- _Prompt_
What lines in the records below include the word "nicht"? Return each one.

- _Data provided_
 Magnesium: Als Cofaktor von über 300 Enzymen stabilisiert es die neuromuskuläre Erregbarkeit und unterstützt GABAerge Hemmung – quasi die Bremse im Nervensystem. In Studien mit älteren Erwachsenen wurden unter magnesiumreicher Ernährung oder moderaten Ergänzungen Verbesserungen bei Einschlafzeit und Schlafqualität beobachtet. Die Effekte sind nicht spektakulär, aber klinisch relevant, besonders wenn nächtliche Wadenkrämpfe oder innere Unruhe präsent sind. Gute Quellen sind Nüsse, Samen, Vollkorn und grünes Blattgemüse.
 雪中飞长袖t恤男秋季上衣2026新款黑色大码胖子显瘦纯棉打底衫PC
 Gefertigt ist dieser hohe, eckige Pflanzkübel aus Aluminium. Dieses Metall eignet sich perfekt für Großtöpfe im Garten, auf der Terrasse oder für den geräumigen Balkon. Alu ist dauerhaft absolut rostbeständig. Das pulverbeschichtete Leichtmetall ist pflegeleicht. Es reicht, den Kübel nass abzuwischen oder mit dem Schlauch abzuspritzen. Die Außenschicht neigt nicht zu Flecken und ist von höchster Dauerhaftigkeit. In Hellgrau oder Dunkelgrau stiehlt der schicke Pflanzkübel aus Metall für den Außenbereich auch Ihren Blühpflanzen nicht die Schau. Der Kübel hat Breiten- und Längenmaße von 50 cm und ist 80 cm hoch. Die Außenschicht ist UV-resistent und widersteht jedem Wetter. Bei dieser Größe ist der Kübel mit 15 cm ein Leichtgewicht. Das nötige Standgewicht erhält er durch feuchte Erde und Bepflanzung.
--
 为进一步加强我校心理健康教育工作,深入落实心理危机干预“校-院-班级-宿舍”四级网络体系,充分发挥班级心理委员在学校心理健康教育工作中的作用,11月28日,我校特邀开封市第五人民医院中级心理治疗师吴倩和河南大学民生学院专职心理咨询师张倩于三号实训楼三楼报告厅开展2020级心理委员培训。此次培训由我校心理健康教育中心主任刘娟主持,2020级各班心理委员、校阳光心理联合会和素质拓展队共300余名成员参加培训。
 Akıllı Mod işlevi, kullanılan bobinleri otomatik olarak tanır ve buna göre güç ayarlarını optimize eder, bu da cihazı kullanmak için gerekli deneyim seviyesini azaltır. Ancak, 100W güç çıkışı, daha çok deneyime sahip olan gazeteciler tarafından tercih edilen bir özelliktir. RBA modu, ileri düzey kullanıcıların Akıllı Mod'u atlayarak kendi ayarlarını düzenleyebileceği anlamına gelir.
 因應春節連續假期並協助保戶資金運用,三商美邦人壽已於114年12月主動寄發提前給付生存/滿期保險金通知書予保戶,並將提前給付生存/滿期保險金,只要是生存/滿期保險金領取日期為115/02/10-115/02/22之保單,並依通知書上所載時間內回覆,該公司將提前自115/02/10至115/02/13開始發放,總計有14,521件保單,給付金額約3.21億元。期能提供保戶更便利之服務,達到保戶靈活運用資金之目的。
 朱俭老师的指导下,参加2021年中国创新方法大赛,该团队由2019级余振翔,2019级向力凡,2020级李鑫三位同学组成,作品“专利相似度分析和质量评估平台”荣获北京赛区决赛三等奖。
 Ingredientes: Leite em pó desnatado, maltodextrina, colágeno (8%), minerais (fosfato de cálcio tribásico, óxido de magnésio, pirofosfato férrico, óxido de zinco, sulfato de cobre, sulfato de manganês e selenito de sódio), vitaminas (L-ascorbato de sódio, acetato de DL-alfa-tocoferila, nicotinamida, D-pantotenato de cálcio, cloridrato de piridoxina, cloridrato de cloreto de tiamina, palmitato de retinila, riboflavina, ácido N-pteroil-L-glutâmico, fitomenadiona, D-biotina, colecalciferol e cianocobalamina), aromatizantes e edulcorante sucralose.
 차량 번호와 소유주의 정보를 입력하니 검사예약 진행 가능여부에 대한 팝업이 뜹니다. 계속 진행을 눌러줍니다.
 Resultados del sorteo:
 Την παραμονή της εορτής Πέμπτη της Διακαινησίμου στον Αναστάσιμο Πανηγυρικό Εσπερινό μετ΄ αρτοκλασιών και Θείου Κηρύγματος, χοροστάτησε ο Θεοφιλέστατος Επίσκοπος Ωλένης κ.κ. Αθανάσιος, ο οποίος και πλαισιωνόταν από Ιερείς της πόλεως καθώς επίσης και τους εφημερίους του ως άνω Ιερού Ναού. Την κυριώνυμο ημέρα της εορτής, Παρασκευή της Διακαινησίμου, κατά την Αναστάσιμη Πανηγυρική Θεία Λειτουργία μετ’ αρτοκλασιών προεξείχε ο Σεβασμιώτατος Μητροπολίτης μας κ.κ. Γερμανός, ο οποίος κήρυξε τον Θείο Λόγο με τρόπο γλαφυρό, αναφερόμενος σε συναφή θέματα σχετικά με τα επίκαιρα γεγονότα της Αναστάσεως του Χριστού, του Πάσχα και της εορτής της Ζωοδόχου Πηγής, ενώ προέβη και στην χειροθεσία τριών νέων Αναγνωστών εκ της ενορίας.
...
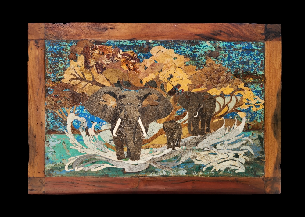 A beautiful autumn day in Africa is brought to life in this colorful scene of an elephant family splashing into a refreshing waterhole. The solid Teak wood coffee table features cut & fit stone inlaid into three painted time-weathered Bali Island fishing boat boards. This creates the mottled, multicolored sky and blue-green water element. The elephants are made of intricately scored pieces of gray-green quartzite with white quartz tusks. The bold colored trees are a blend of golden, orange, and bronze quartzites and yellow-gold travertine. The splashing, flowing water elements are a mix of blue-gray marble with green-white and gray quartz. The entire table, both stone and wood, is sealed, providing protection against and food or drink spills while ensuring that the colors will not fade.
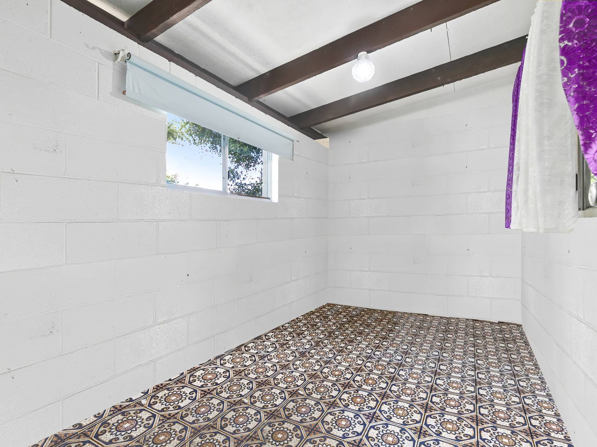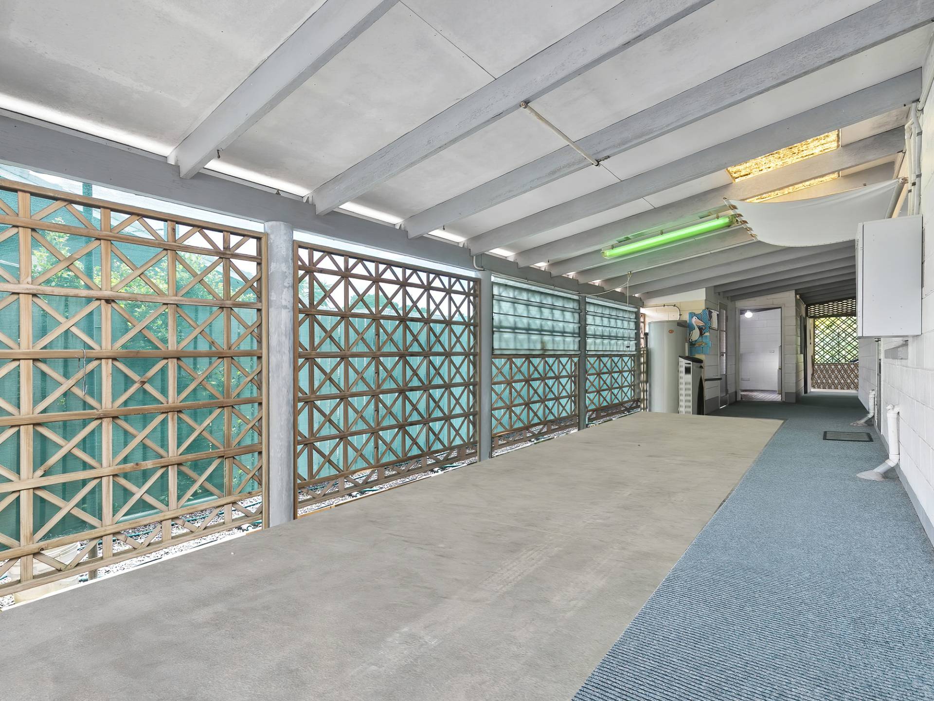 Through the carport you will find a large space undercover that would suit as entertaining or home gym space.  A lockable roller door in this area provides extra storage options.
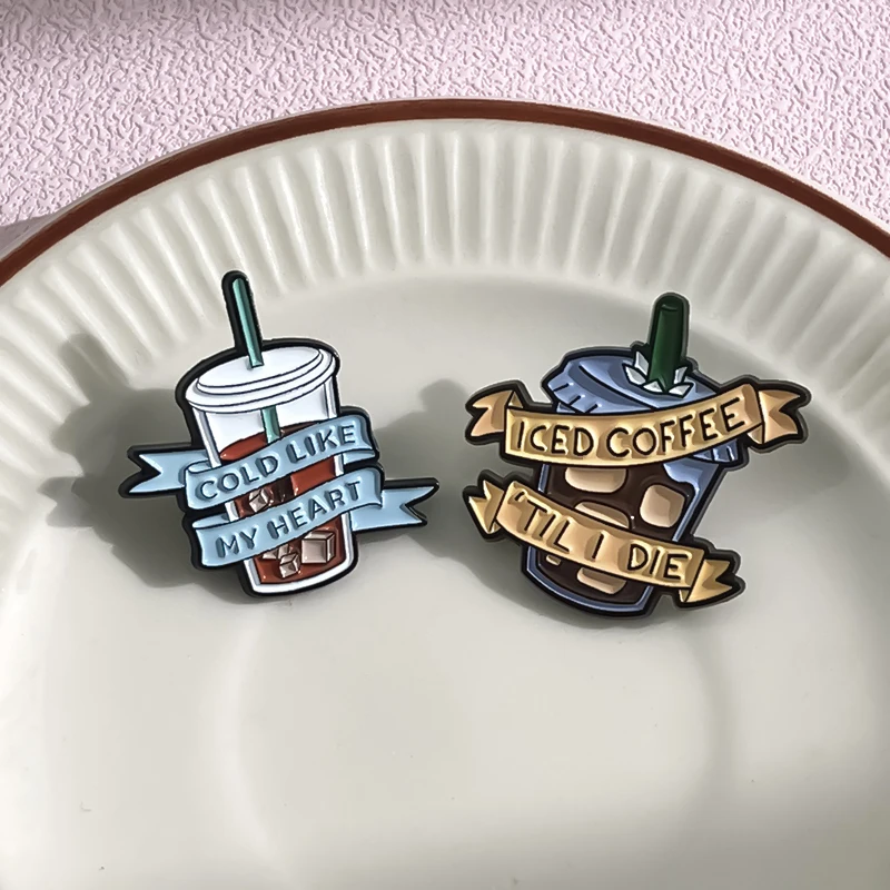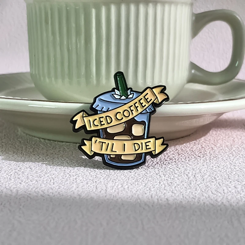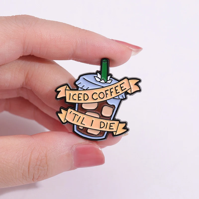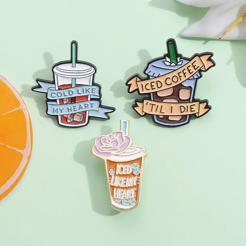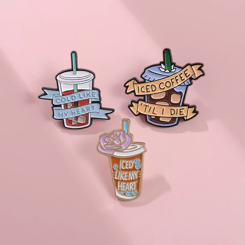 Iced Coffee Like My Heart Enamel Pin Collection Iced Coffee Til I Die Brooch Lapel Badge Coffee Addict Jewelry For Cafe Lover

- _Result for this task_
 Magnesium: Als Cofaktor von über 300 Enzymen stabilisiert es die neuromuskuläre Erregbarkeit und unterstützt GABAerge Hemmung – quasi die Bremse im Nervensystem. In Studien mit älteren Erwachsenen wurden unter magnesiumreicher Ernährung oder moderaten Ergänzungen Verbesserungen bei Einschlafzeit und Schlafqualität beobachtet. Die Effekte sind nicht spektakulär, aber klinisch relevant, besonders wenn nächtliche Wadenkrämpfe oder innere Unruhe präsent sind. Gute Quellen sind Nüsse, Samen, Vollkorn und grünes Blattgemüse.
 Gefertigt ist dieser hohe, eckige Pflanzkübel aus Aluminium. Dieses Metall eignet sich perfekt für Großtöpfe im Garten, auf der Terrasse oder für den geräumigen Balkon. Alu ist dauerhaft absolut rostbeständig. Das pulverbeschichtete Leichtmetall ist pflegeleicht. Es reicht, den Kübel nass abzuwischen oder mit dem Schlauch abzuspritzen. Die Außenschicht neigt nicht zu Flecken und ist von höchster Dauerhaftigkeit. In Hellgrau oder Dunkelgrau stiehlt der schicke Pflanzkübel aus Metall für den Außenbereich auch Ihren Blühpflanzen nicht die Schau. Der Kübel hat Breiten- und Längenmaße von 50 cm und ist 80 cm hoch. Die Außenschicht ist UV-resistent und widersteht jedem Wetter. Bei dieser Größe ist der Kübel mit 15 cm ein Leichtgewicht. Das nötige Standgewicht erhält er durch feuchte Erde und Bepflanzung.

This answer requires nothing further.